Soft wood :   machete / kukri. 

...or any combo that you would like and would work.

----------


## your_comforting_company

_hand saw_ and a hatchet / axe are what I'd prefer and what I currently carry.
I do want to add a machete for underbrush for making a path. easier on the smaller stuff. as far as establishment needs, the first two have me covered. If I were trying to disappear, I wouldn't want to make a path to my hideout.

Depends entirely on personal preference, geography, and situation.

----------


## Rick

The tool depends on the job. If you limit yourself to one tool then you limit yourself to what jobs you can do. There is no best all around tool. It's like asking which tool is best to work on a car, a wrench/ratchet, screwdriver or pliers.

----------


## beehlebf

Great replies thanks Guys this was my first thread so ill keep that in mind in mind canid thx

----------


## roar-k

> _hand saw_ and a hatchet / axe are what I'd prefer and what I currently carry.
> I do want to add a machete for underbrush for making a path. easier on the smaller stuff. as far as establishment needs, the first two have me covered. If I were trying to disappear, I wouldn't want to make a path to my hideout.
> 
> Depends entirely on personal preference, geography, and situation.


I carry a variation of this.  I carry a 15" Sven saw and a CS Trailhawk.

I like this combination, but I want a different Thawk.  The CS Trailhawk is a great lightweight tool, but I would like one with more of a bite.

----------


## RangerXanatos

> I carry a variation of this.  I carry a 15" Sven saw and a CS Trailhawk.
> 
> I like this combination, but I want a different Thawk.  The CS Trailhawk is a great lightweight tool, but I would like one with more of a bite.


How about the Rifleman's hawk?  Or are you wanting something even bigger?

----------


## roar-k

> How about the Rifleman's hawk?  Or are you wanting something even bigger?


Thought about trying out the new Pipe Hawk:

Guests can not see images in the messages. Please register in the forum.

or

The Frontier Hawk:

Guests can not see images in the messages. Please register in the forum.

But I like having the hammer poll...

----------


## preachtheWORD

In my experience a really well made machete can do most of what an axe can do, only less efficiently.  When I was in South America I bought a Columbian made Bellota machete that has served me very well.  With the blade near the handle sharpened with more of a convex edge it can chop much like an axe.

Pict (Mac) would be the one to give a good tutorial about how to get the most out of a machete.

----------


## Canadian-guerilla

i would look at this from a cost angle

what's an axe/tomahawk/Kukri cost ?

i'd probably just buy 3 machettes

----------


## hunter63

There is no perfect answer for everyone/everything/everywhere.

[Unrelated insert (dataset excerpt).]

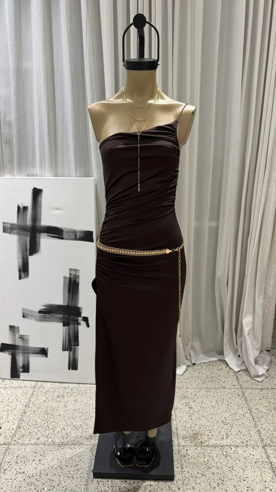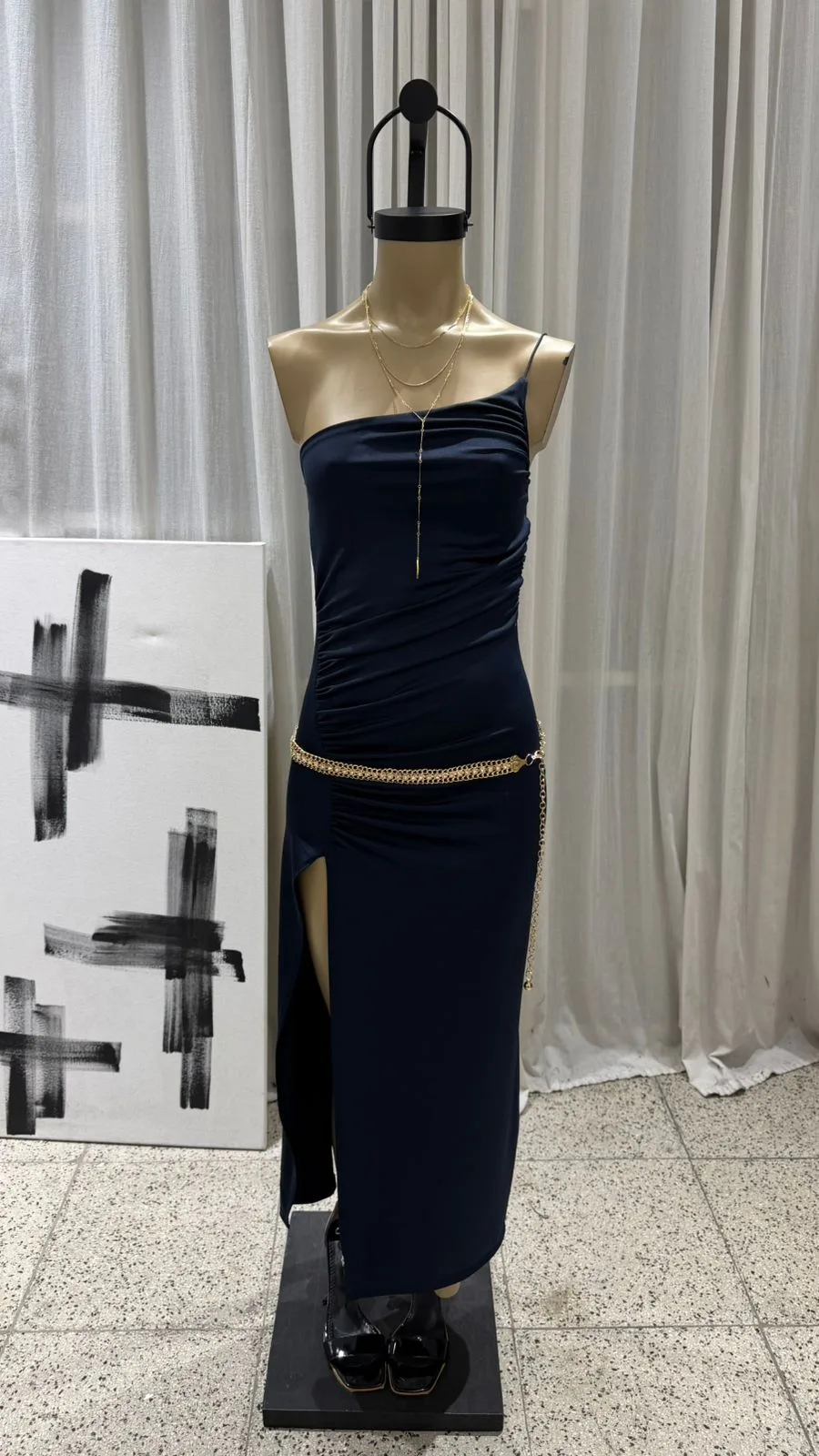 V97 – MAXIVESTIDO UN HOMBRO CORDON – MICROFIBRA

I would just get at least one(or several) of each, then try them out, you will pick what ever works best for you.
I cost is a factor, maybe you shouldn't be thinking about spending on either?

Not trying to be nasty, but it bothers me that these discussions seem to always be "either/or"? 
How about "Both"?

----------


## roar-k

I own several machetes as well, but if I am backpacking/hiking on trails I do not carry them.  But if I go bushwhacking I will take one because it will be of more use.

----------


## hunter63

> I own several machetes as well, but if I am backpacking/hiking on trails I do not carry them.  But if I go bushwhacking I will take one because it will be of more use.


Well, there you go..............Good thinking, correct tool for the job.

----------


## hoosierarcher

Cold Steel used to make a kukri that they called the ATC (all terrain chopper). I have one. It's a big honkin' kukri with a dramatic belly in the front 2/3s of the blade. I have cut down live and dead hardwoods and softwoods. I have split soft woods and hardwoods, bigger logs required batoning. I've thrown it like a tomahawk with amazing results. I have used it as a trowel. It does anything I ask of it. If I gotta choose one it's this.

----------


## Tripwire

Its what works best for you.

Both my hawks are fighting tools.

They dont chop wood, nor are they ever thrown from my hand.

Ive practiced sword use for a decade and some. Using the hawk and knife using the same principles.

Guests can not see images in the messages. Please register in the forum.

----------


## canid

i have a nice estwing hatchet, but it's a bit heavy for it's size. i like a longer handle to swing that kind of weight [not that it is actually very heavy, it's just a preference], or a lighter head. i'm a big fan of roofing hatchets.

----------